Pacifist and theologian. Born in Wales in 1907. Died in Auckland on Tuesday, aged 94.
By JOHN ROUGHAN
The day Alun Richards arrived in New Zealand, disembarking at Wellington, the waterfront was in uproar. Farmers on horseback, designated special constables, were using batons to disperse strikers and reopen the wharves.
It might not have been the sight of "Massey's cossacks" that made the 6-year-old a lifelong rebel but something did.
The thoughtful, peaceable but headstrong and difficult man, who in latter years wrote theological stories in quiet Campbells Bay, Auckland, nearly went to jail in 1929 for refusing compulsory military service.
A last-minute outcry from Labour MPs forced the Government to accept a lesser penalty, and by resolution of Parliament Richards was stripped of his civil rights for 10 years.
Apart from the inability to vote, he hardly noticed the loss.
Two years later, by his own account, he was expelled from Knox College, Dunedin, for views that were a little too much for the Presbyterian theological school at that time.
The son of a Presbyterian minister, Alun Richards grew up in parishes at Morrinsville and Takapuna and went to Knox College with a first-class honours degree and a diploma in journalism from Auckland University.

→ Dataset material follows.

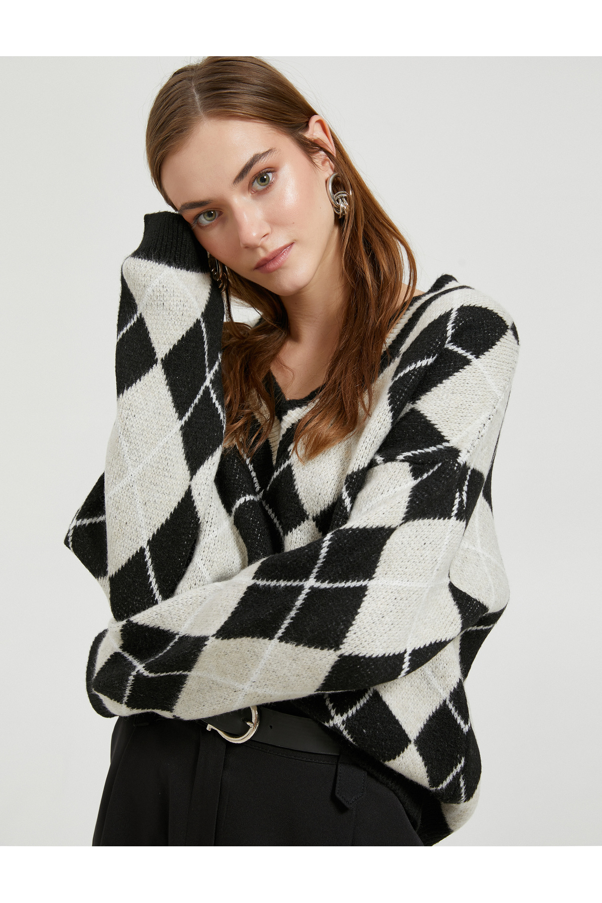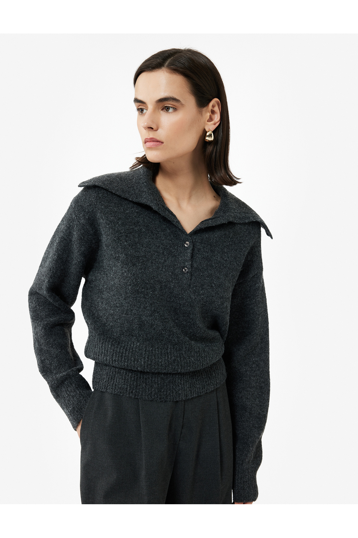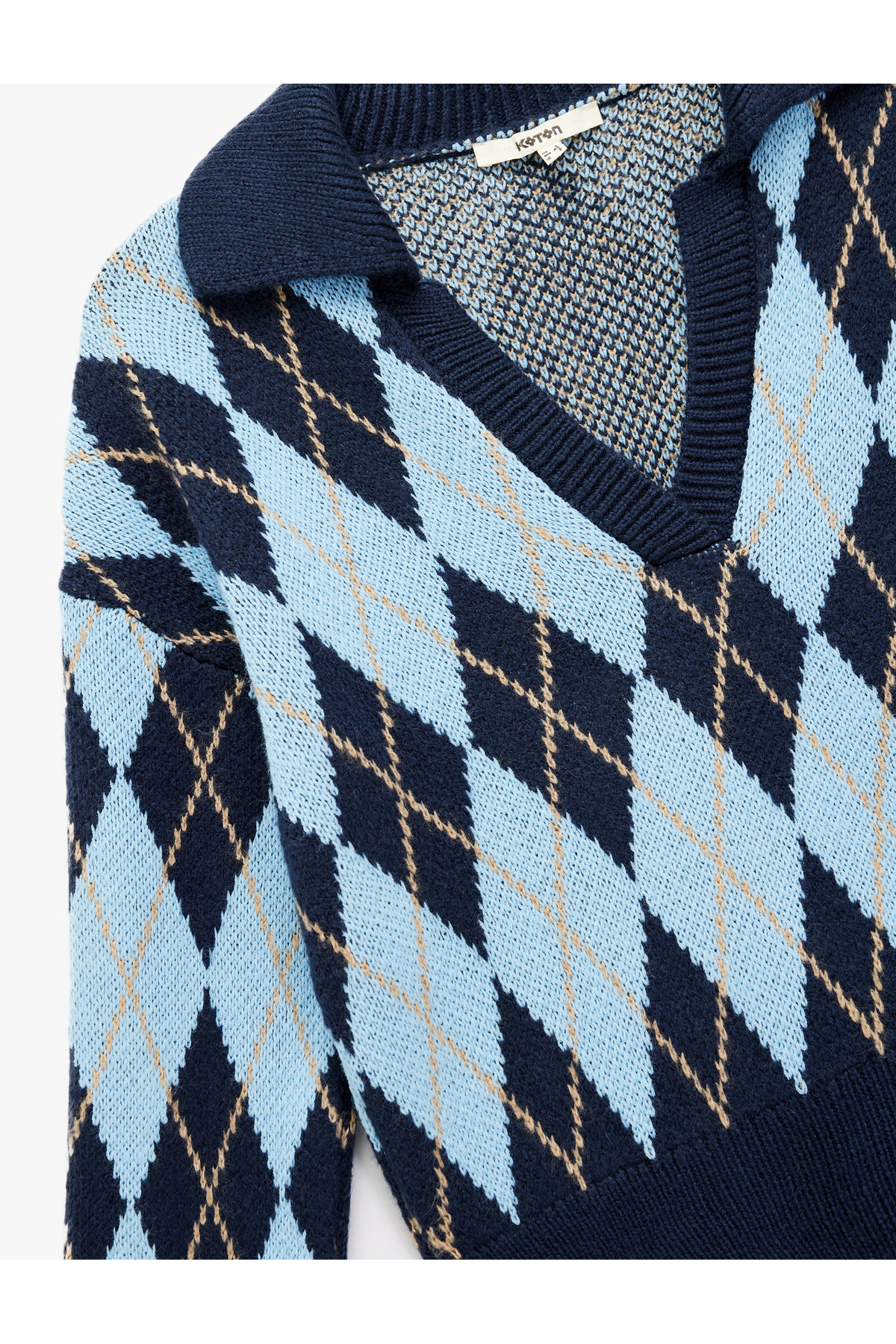 Uzun Kollu Baklava Desenli Polo Yaka Triko Oversize Kazak Uzun Kollu Baklava Desenli Polo Yaka Triko Oversize Kazak 6WAK90055HT XL
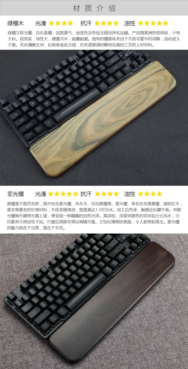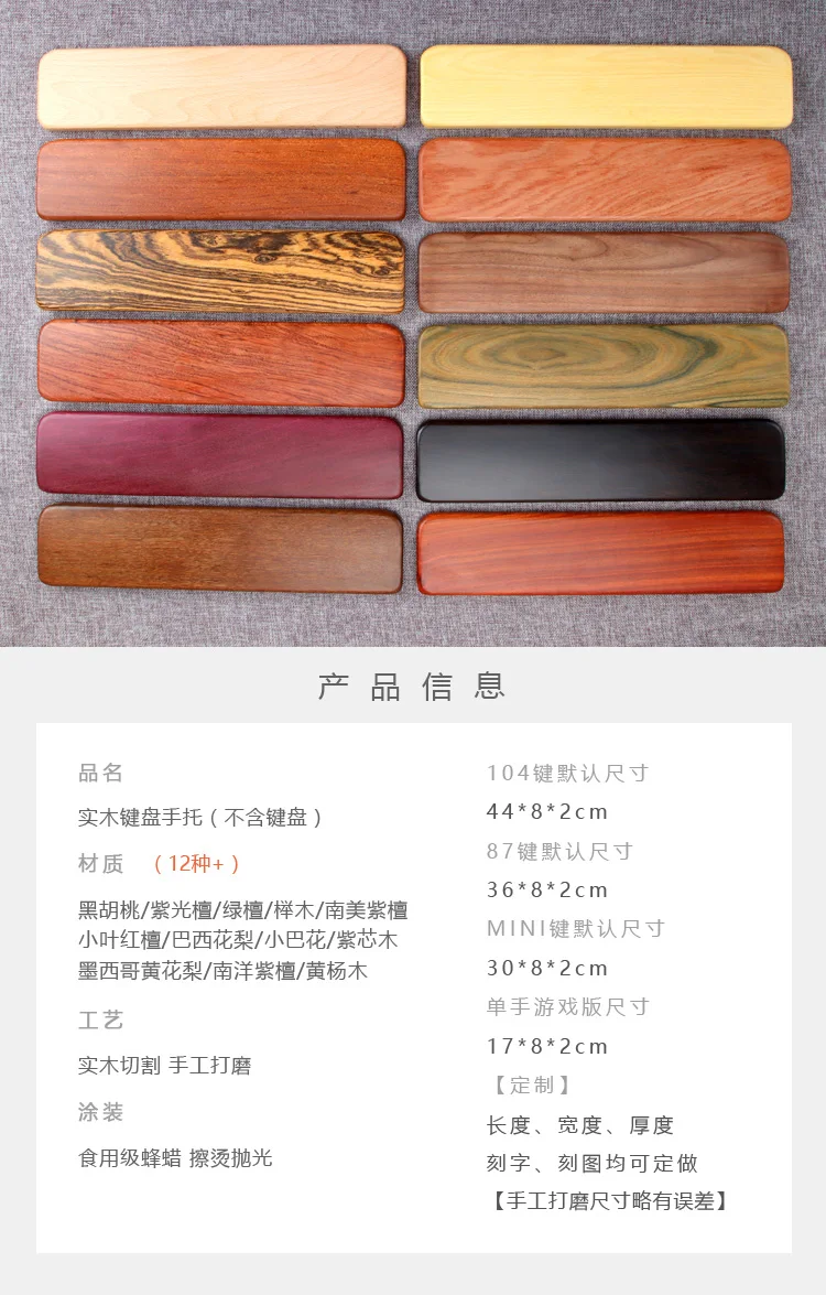 Reposamanos de madera Reposamuñecas de madera de nogal personalizado Palma de madera maciza Stress 104/87 Accesorios de teclado mecánico Filco para lluvia75

Despite his differences with the college and the law, he won a Government scholarship to go overseas and studied theology at New College, Edinburgh.
In Britain he met his future wife, Muriel, also a New Zealander, and they toured Europe on a tandem bicycle. They saw Germany newly under Hitler and much else that Richards would recount in articles for the Listener on the countries that were being drawn into war.
They took the tandem to China and Japan, too. That was before the bicycle had reached China, and he wrote with prescience about its possible impact there. In Japan they disturbed a law forbidding two people from riding the same bike.
Back in New Zealand and now qualified as a pastor, the Rev Alun Richards went to a parish on the West Coast but was not cut out for pastoral work.
In 1939 he became an organiser of extension studies at Victoria University but lost that job during the war when he spoke a little too freely to somebody who reported him for disloyalty. The professorial board voted to dismiss him.
He held that all war was futile and thought it better for countries to let themselves be invaded and respond with civil disobedience. They could, he argued, make it impossible for an occupying power to govern, much as the Norwegians were doing to Hitler.
He worked in the Internal Marketing Division, giving away products such as apples that could not be exported because shipping was disrupted by the war.
He thought it a good system and wrote a book on internal marketing for the Labour Government.
After the war he became an organiser for Corso and in 1947 became editor of the Presbyterian newspaper Outlook, where he probably did the best work of his life.
He transformed the paper from pious to punchy, introducing news commentaries, general book reviews and writers such as Denis McEldowney.
Richards, says McEldowney, was "an extraordinary intellect, widely read, and wrote well in an oddly abbreviated, convoluted style."
He always regarded English as his second language, after the language of his birthplace,Welsh.
In 1951 Outlook was one of few publications to speak out against emergency regulations, arguing that Christians could not refuse help to strikers.
But Richards never found it easy to work to instructions, particularly from committees, and eventually resigned from Outlook, returning to parish work at St James in Newtown, Wellington.
He retired in the mid-1960s to Campbells Bay, where he was still writing at age 90.
His theological views became outdated even among unorthodox thinkers in later years. But that never mattered to him. His mind was his own.